Re: [PATCH v2 1/2] tracing: ring-buffer: Have the ring buffer code do the vmap of physical memory
From: Jann Horn
Date: Mon Mar 31 2025 - 20:10:00 EST
On Tue, Apr 1, 2025 at 1:41 AM Steven Rostedt <rostedt@xxxxxxxxxxx> wrote:
> On Mon, 31 Mar 2025 14:42:38 -0700
> Linus Torvalds <torvalds@xxxxxxxxxxxxxxxxxxxx> wrote:
>
> > .. and *after* you've given it back to the memory allocator, and it
> > gets allocated using the page allocators, at that point ahead and use
> > 'struct page' as much as you want.
> >
> > Before that, don't. Even if it might work.

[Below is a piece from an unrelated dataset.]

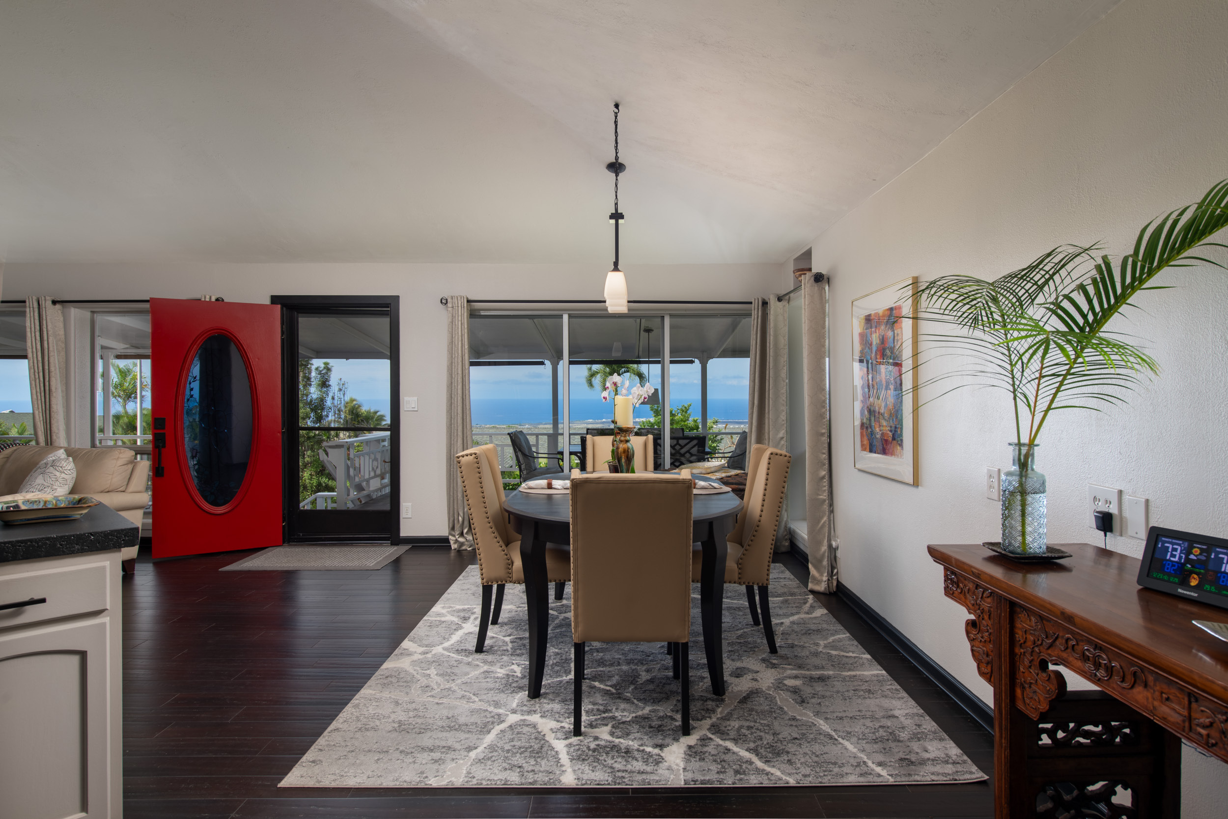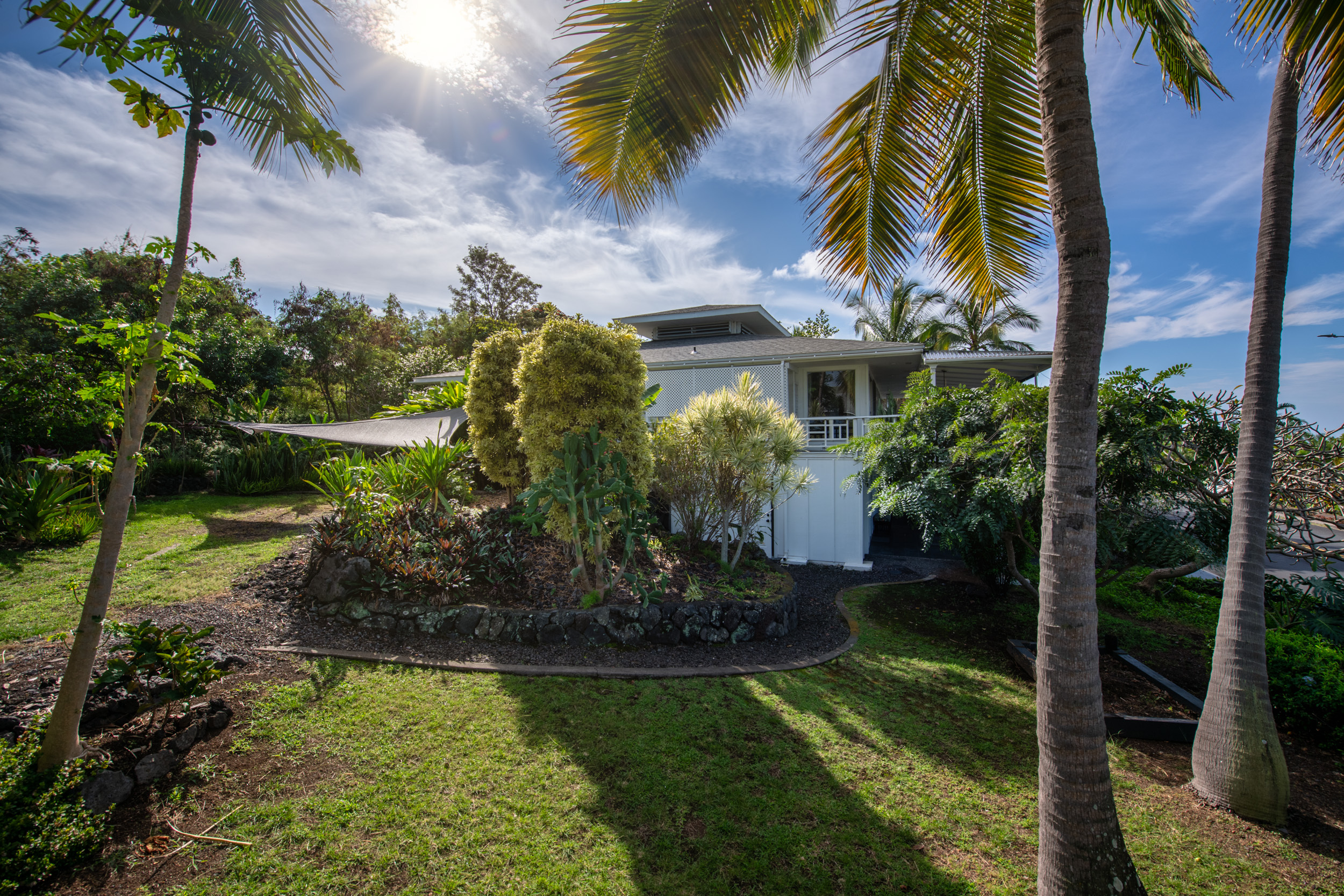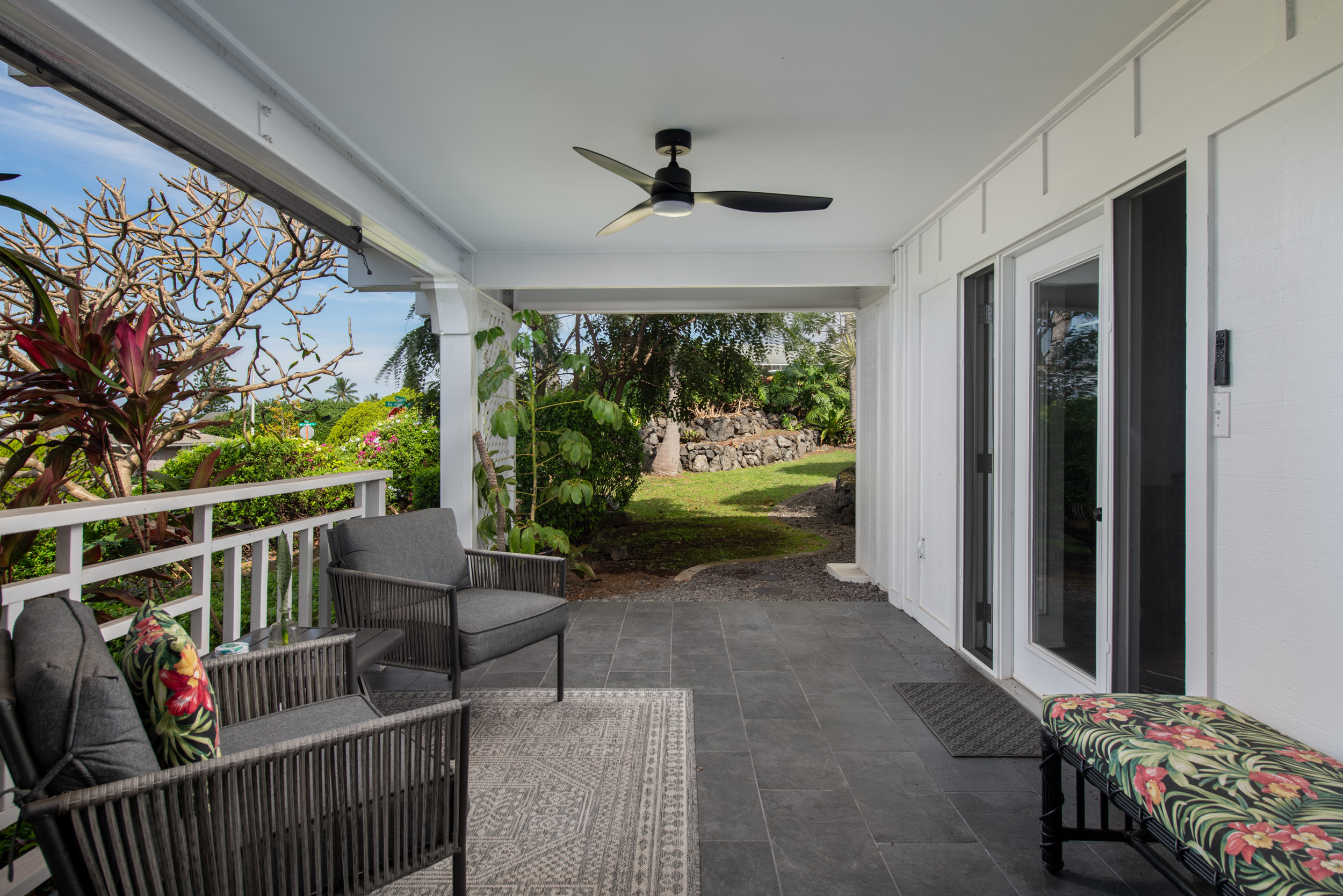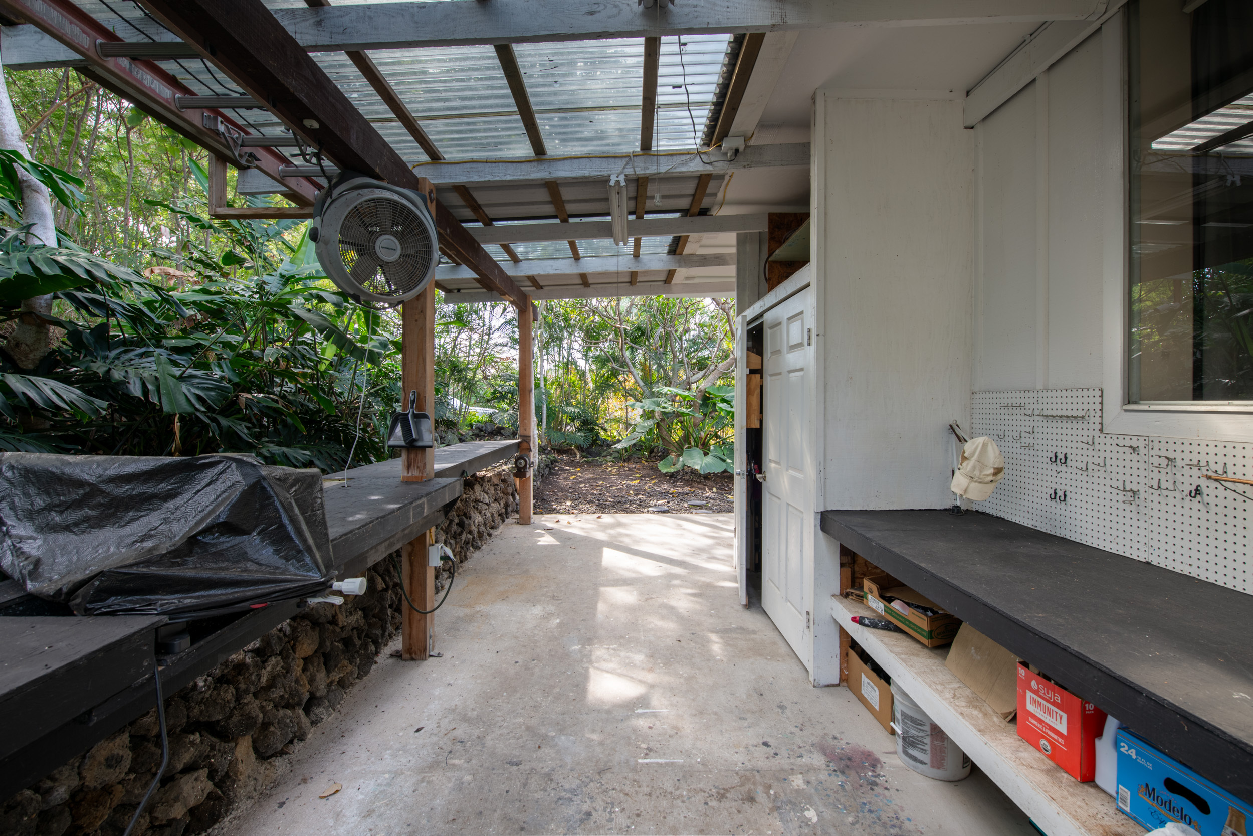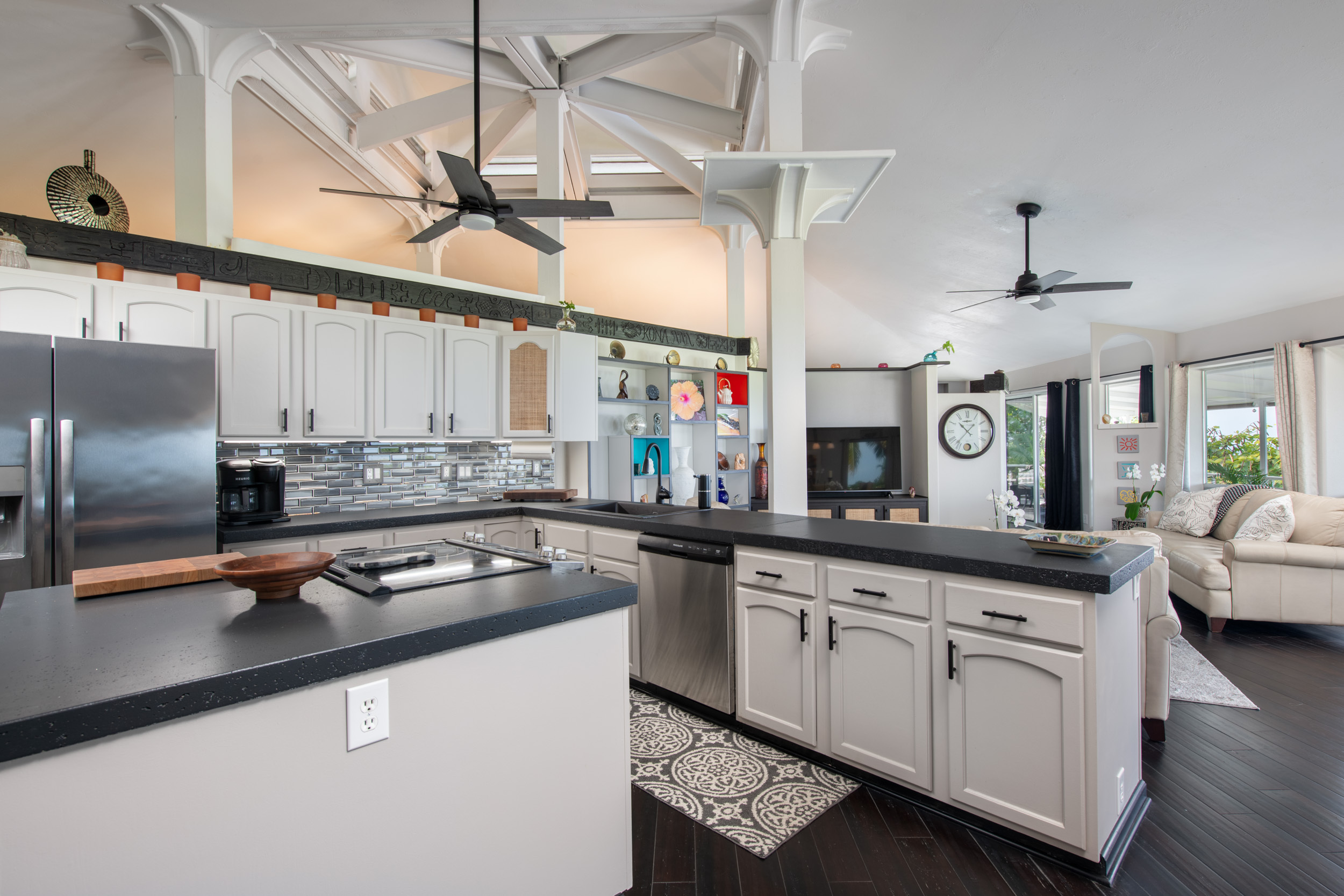 Get out your checklist. Spectacular coastline views? Yes. A spacious, unique floor plan? Absolutely. A separate, private guest space with income potential? Check. And that’s just the beginning. This home captures the essence of Hawai?i living, with an emphasis on indoor-outdoor flow and everyday comfort. Expansive covered lanais on both the upper and lower levels invite you to relax, entertain, and enjoy cooling trade winds and ocean views year-round. A distinctive central cupola was thoughtfully designed to enhance natural airflow throughout the main living areas. The kitchen sits at the heart of the home, offering ample space for cooking, gathering, and entertaining. The main level upstairs features three bedrooms and two full baths, providing a functional and comfortable layout for daily living. Downstairs, a separate guest room/ohana offers its own private entrance and parking. This space includes one bedroom, a full bath, and a kitchenette, ideal for extended guests, multi-generational living, or potential rental income. Construction is a standout feature of this property. The steel-framed structure and a new roof installed in June 2023 contribute to strong inspection appeal. The home has been well maintained by the current owners, and a pre-listing inspection has already been completed, offering added peace of mind. The property is ideally located near major shopping, dining, schools, beaches, and Kona International Airport, blending privacy with everyday convenience. Step outside and explore your own tropical retreat, complete with mature fruit trees including mango, starfruit, papaya, banana, and more. Lush tropical landscaping and a variety of flowering plants create a vibrant garden setting. An outdoor workshop area provides space for hobbies and projects while still enjoying the island lifestyle. Furnishings are negotiable, making this an easy, move-in-ready opportunity.

Because you didn't allocate
> > it as a struct page, and for all you know it might be treated as a
> > different hotplug memory zone or whatever when given back.
>
> Hmm, so if we need to map this memory to user space memory, then I can't
> use the method from this patch series, if I have to avoid struct page.
>
> Should I then be using vm_iomap_memory() passing in the physical address?
For mapping random physical memory ranges into userspace, we have
helpers like remap_pfn_range() (the easy option, for use in an mmap
handler, in case you want to want to map one contiguous physical
region into userspace) and vmf_insert_pfn() (for use in a page fault
handler, in case you want to map random physical pages into userspace
on demand).
> As for architectures that do not have user/kernel data cache coherency, how
> does one flush the page when there's an update on the kernel side so that
> the user side doesn't see stale data?
flush_kernel_vmap_range() (and invalidate_kernel_vmap_range() for the
other direction) might be what you want... I found those by going
backwards from an arch-specific cache-flushing implementation.
> As the code currently uses flush_dcache_folio(), I'm guessing there's an
> easy way to create a folio that points to physical memory that's not part
> of the memory allocator?
Creating your own folio structs sounds like a bad idea; folio structs
are supposed to be in specific kernel memory regions. For example,
conversions from folio* to physical address can involve pointer
arithmetic on the folio*, or they can involve reading members of the
pointed-to folio.